---------- Information

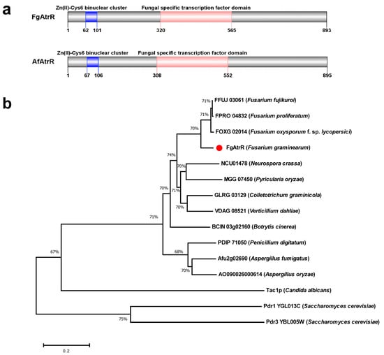 Domain structures and phylogenetic analysis. (a) Protein domains of FgAtrR and AfAtrR found in the Pfam database are shown. (b) The phylogenetic tree based on the amino acid sequence was constructed by the MEGA-X program using the neighboring-join method. The amino acid sequences from different species (shown in brackets) were aligned by MUSCLE.
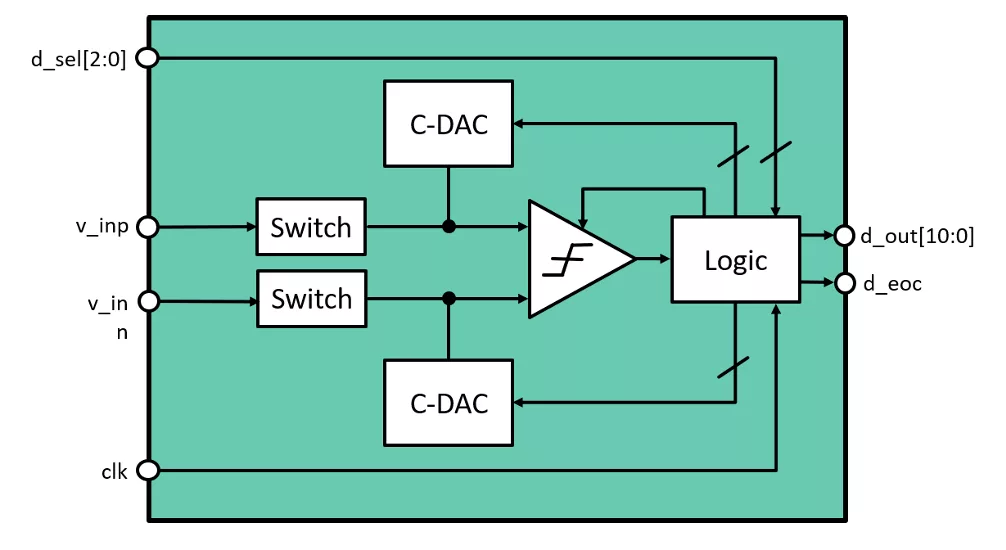 The ADC IP is a general-purpose successive approximation converter for low-power medium resolution applications.
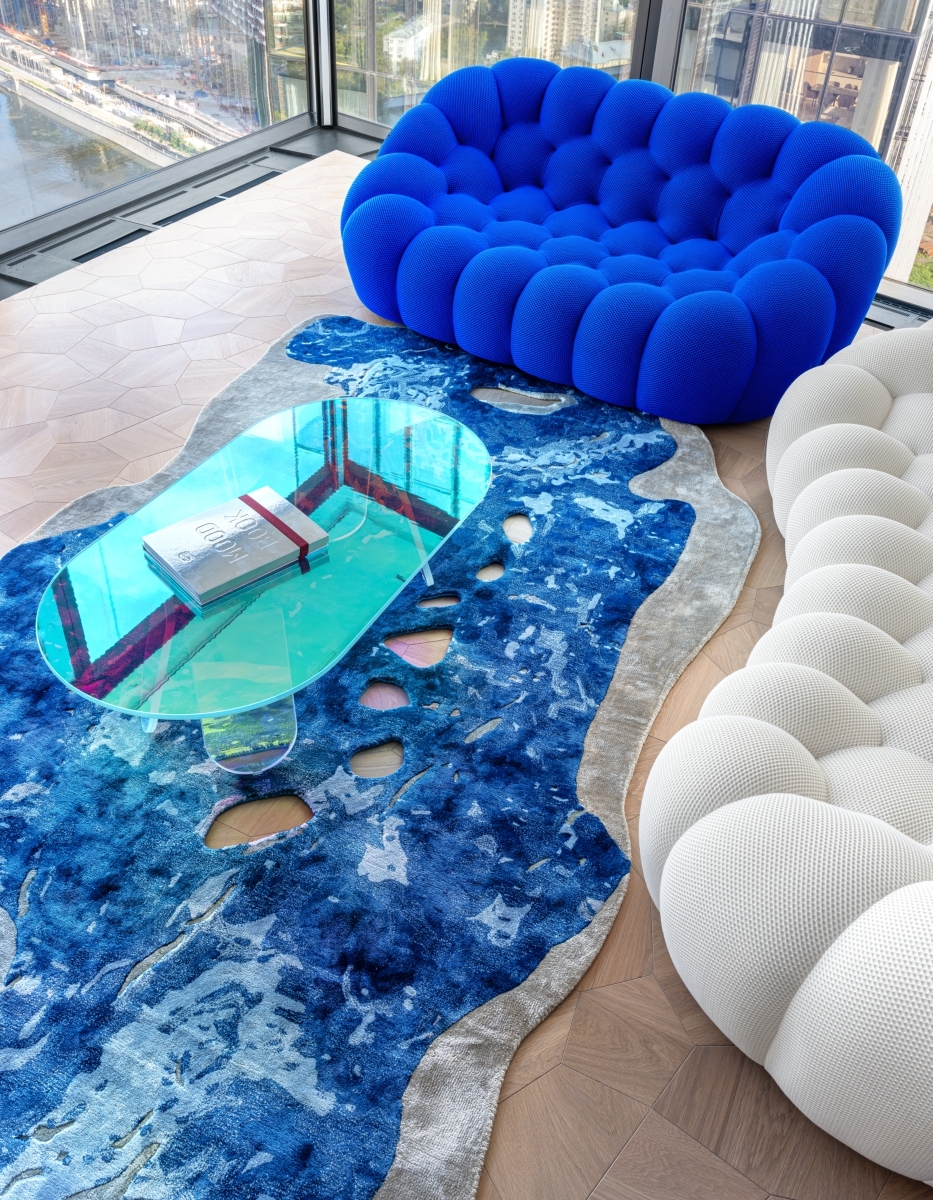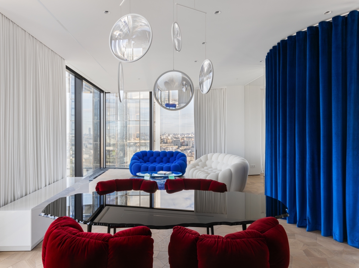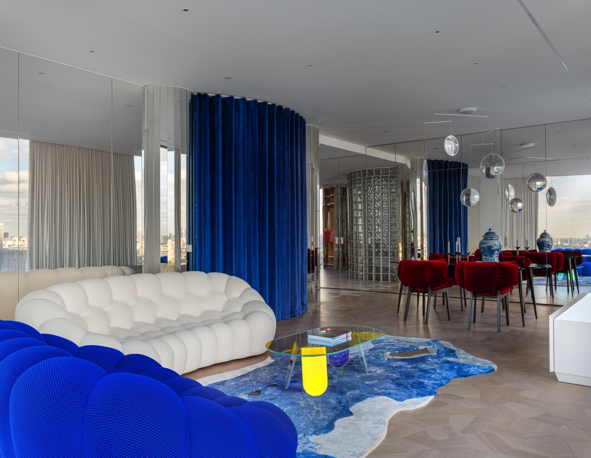 Это интерьер-игра, интерьер-фантазия, свободный от условностей и шаблонов. На этот эффект работает и выбор мебели. В зоне гостиной солируют диваны Bubble от французского бренда Roche Bobois: их необычная форма, напоминающая облако или морской коралл, поддерживает игривый и непринужденный характер пространства. А люстра от DCW над обеденным столом — кокетливый намек на мобиль из советского фильма «Служебный роман». «В последнее время заказчики отходят от минимализма в интерьере с его «бежевой картинкой», — завершает рассказ Ирина. — Растет спрос на индивидуальные решения, дизайн «с перчинкой» и своим характером. Возвращается и запрос на насыщенную, живую палитру. Этот проект — еще один пример того, как жилое пространство может отразить личность владельца, его энергию и харизму».
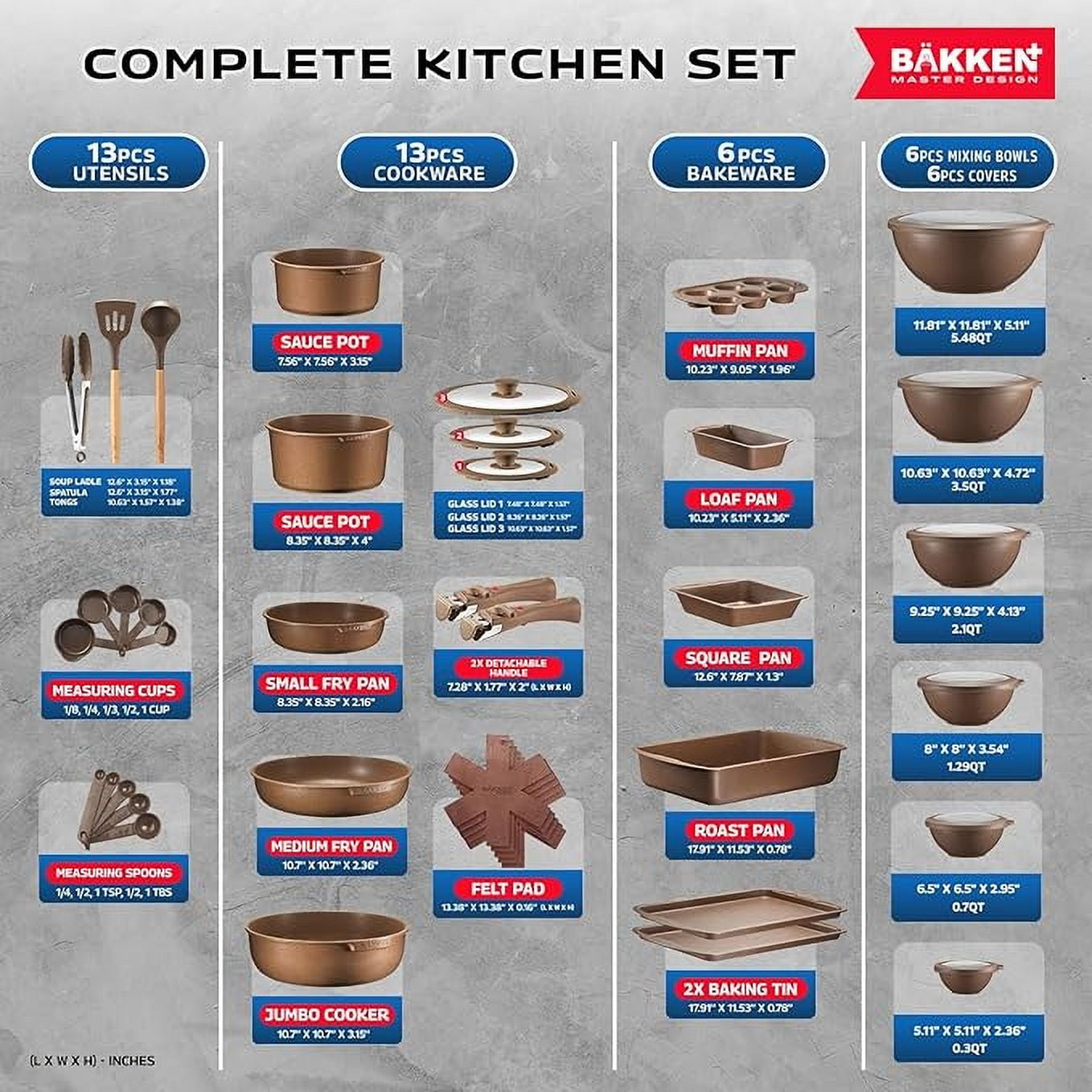 The Bakken Master Granite Cookware Set is the ultimate kitchen companion, combining functionality, style, and health-conscious design. This set includes one 2.6 quart sauce pot with lid, one 1.8 quart sauce pot with lid, a 3.5-quart jumbo cooker with lid, one medium fry pan measuring 10”, one small fry pan measuring 8”, 2 pieces detachable handles, 5 pieces felt pad, a soup ladle, a spatula, a tong, measuring spoons, measuring cups, muffin pan, loaf pan, roast pan, square pan, 2 baking tin, and 6 pieces salad mixing bowls. Featuring an ultra-nonstick warm granite coating, this set ensures healthier cooking with less oil, effortless food release, and long-lasting durability. Crafted with PFOS and PFOA-free, it prioritizes your family’s safety while delivering 10x the nonstick performance of traditional cookware. This versatile 38-piece set includes multi-sized pots and pans with tempered glass lids, a 6-piece bakeware collection, and mixing bowls to cover all your cooking needs. Detachable, cool-touch handles provide secure and ergonomic handling, making it easy to transition from stovetop or oven to countertop. Designed for even heat distribution and retention, the cookware eliminates hot spots, ensuring perfectly cooked meals every time.Cleaning up is a breeze with the stain-resistant, easy-to-clean surfaces, while the tempered glass lids let you monitor your cooking effortlessly. Suitable for all stove types, this set also includes heat-resistant kitchen utensils to simplify your culinary adventures. Stylish, practical, and durable, the Bakken Master Granite Cookware Set is the perfect addition to any kitchen.
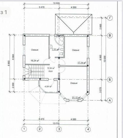 На втором этаже — холл, выход на балкон, санузел совмещен 7,31 кв.м, три спальни.
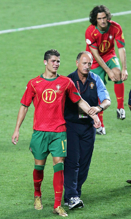 那一个瞬间,C罗的思绪回到了14年前,04年欧洲杯决赛失利的他也被老大哥菲戈、科斯塔等人揽入怀中安慰到:“别哭,孩子,未来是你的!”
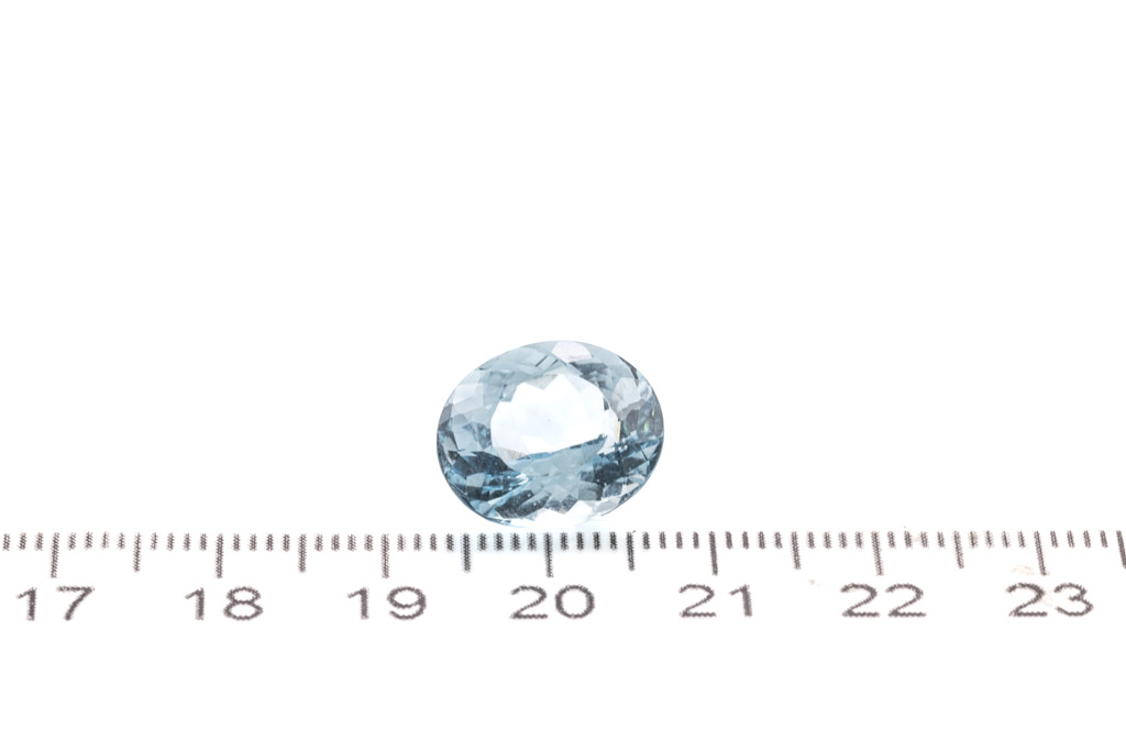 A loose oval shape aquamarine of 7.77ct. Dimension: 14.09mm x 12.03mm x 8.35mm. Weight: 1.5g. (Pre-owned)

--------------------

The answer should contain all the material above, copied exactly, and no images.

§ **Final answer**
 Domain structures and phylogenetic analysis. (a) Protein domains of FgAtrR and AfAtrR found in the Pfam database are shown. (b) The phylogenetic tree based on the amino acid sequence was constructed by the MEGA-X program using the neighboring-join method. The amino acid sequences from different species (shown in brackets) were aligned by MUSCLE.
 The ADC IP is a general-purpose successive approximation converter for low-power medium resolution applications.
 Это интерьер-игра, интерьер-фантазия, свободный от условностей и шаблонов. На этот эффект работает и выбор мебели. В зоне гостиной солируют диваны Bubble от французского бренда Roche Bobois: их необычная форма, напоминающая облако или морской коралл, поддерживает игривый и непринужденный характер пространства. А люстра от DCW над обеденным столом — кокетливый намек на мобиль из советского фильма «Служебный роман». «В последнее время заказчики отходят от минимализма в интерьере с его «бежевой картинкой», — завершает рассказ Ирина. — Растет спрос на индивидуальные решения, дизайн «с перчинкой» и своим характером. Возвращается и запрос на насыщенную, живую палитру. Этот проект — еще один пример того, как жилое пространство может отразить личность владельца, его энергию и харизму».
 The Bakken Master Granite Cookware Set is the ultimate kitchen companion, combining functionality, style, and health-conscious design. This set includes one 2.6 quart sauce pot with lid, one 1.8 quart sauce pot with lid, a 3.5-quart jumbo cooker with lid, one medium fry pan measuring 10”, one small fry pan measuring 8”, 2 pieces detachable handles, 5 pieces felt pad, a soup ladle, a spatula, a tong, measuring spoons, measuring cups, muffin pan, loaf pan, roast pan, square pan, 2 baking tin, and 6 pieces salad mixing bowls. Featuring an ultra-nonstick warm granite coating, this set ensures healthier cooking with less oil, effortless food release, and long-lasting durability. Crafted with PFOS and PFOA-free, it prioritizes your family’s safety while delivering 10x the nonstick performance of traditional cookware. This versatile 38-piece set includes multi-sized pots and pans with tempered glass lids, a 6-piece bakeware collection, and mixing bowls to cover all your cooking needs. Detachable, cool-touch handles provide secure and ergonomic handling, making it easy to transition from stovetop or oven to countertop. Designed for even heat distribution and retention, the cookware eliminates hot spots, ensuring perfectly cooked meals every time.Cleaning up is a breeze with the stain-resistant, easy-to-clean surfaces, while the tempered glass lids let you monitor your cooking effortlessly. Suitable for all stove types, this set also includes heat-resistant kitchen utensils to simplify your culinary adventures. Stylish, practical, and durable, the Bakken Master Granite Cookware Set is the perfect addition to any kitchen.
 На втором этаже — холл, выход на балкон, санузел совмещен 7,31 кв.м, три спальни.
 那一个瞬间,C罗的思绪回到了14年前,04年欧洲杯决赛失利的他也被老大哥菲戈、科斯塔等人揽入怀中安慰到:“别哭,孩子,未来是你的!”
 A loose oval shape aquamarine of 7.77ct. Dimension: 14.09mm x 12.03mm x 8.35mm. Weight: 1.5g. (Pre-owned)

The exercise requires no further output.